My previous rant about this was back in 2016, aimed at an op-ed by former Senator Judd Gregg.

Also of note:

  • Has he been checked for brain worms lately? The Trump idolaters will not like the WSJ editorialists take: Why RFK Jr. Is Dangerous to Public Health.

    Mr. Kennedy is scheduled to appear before the Senate Finance Committee on Wednesday. Expect him to obfuscate about his ties to trial lawyers, anti-vaccine views, and support for sundry progressive causes. While presenting himself as a truth-teller and slayer of government corruption, he’s as slippery as Anthony Fauci.

    Most troubling is his long record of anti-vaccine advocacy. In the past he has claimed that the measles vaccine causes autism despite reams of studies that have found no causative link, and that the polio vaccine might have killed many more than the actual virus. Deadly infectious diseases disappeared because of better hygiene, not vaccines, he asserts.

    He has tried to soften his vaccine skepticism since being nominated, and he now says he won’t take away anyone’s vaccines. He says he merely wants to ensure that vaccines are safe and thoroughly studied—who doesn’t?—and that Americans have access to more information. In Mr. Kennedy’s case, this means opening the industry to lawsuits by the trial bar.
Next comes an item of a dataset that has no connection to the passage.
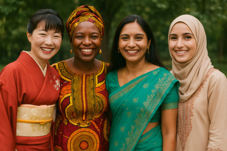 Four women from different cultures and ethnicities are smiling together in traditional clothing, representing global unity and diversity

    The editorial goes on to point out that (among other things) Junior has gotten millions as his cut for referring clients to lawsuit-happy lawyers. So there's more than a slight financial interest at stake here.

  • But there's some good Trump news too. Jeff Jacoby says maybe we are getting Back, at last, to the color-blind principle.

    A FIERCE commitment to racial color blindness — the principle that every individual should be treated by the law and by society without regard to race or color — was fundamental to the Civil Rights movement. That principle was enshrined in the 1964 Civil Rights Act, which unambiguously prohibited employers and unions from discriminating on the basis of race. Indeed, the legislation was so unambiguous that when critics during the Senate debate on the bill said it would lead to racial quotas in hiring, Senator Hubert Humphrey, the bill's lead sponsor, didn't hesitate to refute the claim

    "If the senator can find ... any language which provides that an employer will have to hire on the basis of percentage or quota related to color, race, religion, or national origin," Humphrey memorably vowed, "I will start eating the pages one after another, because it is not in there."

    But it wasn't long before the law's plain meaning was turned inside out. In 1965 President Lyndon Johnson issued Executive Order 11246, which mandated "affirmative action" in government contracting — a directive that eventually grew into an elaborate skein of racial preferences, quotas, set-asides, and "diversity, equity, and inclusion" (DEI) policies that compelled discrimination for the sake of racial balance. Over time, liberal policy makers and civil rights organizations went from upholding color blindness as the highest aspiration of a racially just society — Martin Luther King's storied dream — to disparaging it as bigotry in disguise.

    Bottom line:

    Trump, who was inaugurated on Martin Luther King Day, has moved quickly and forcefully to reestablish as the law of the land the color-blind principle for which MLK lived and died. If he succeeds, Americans of every color and political stripe will be better off.

    Free at last! And It only took sixty years!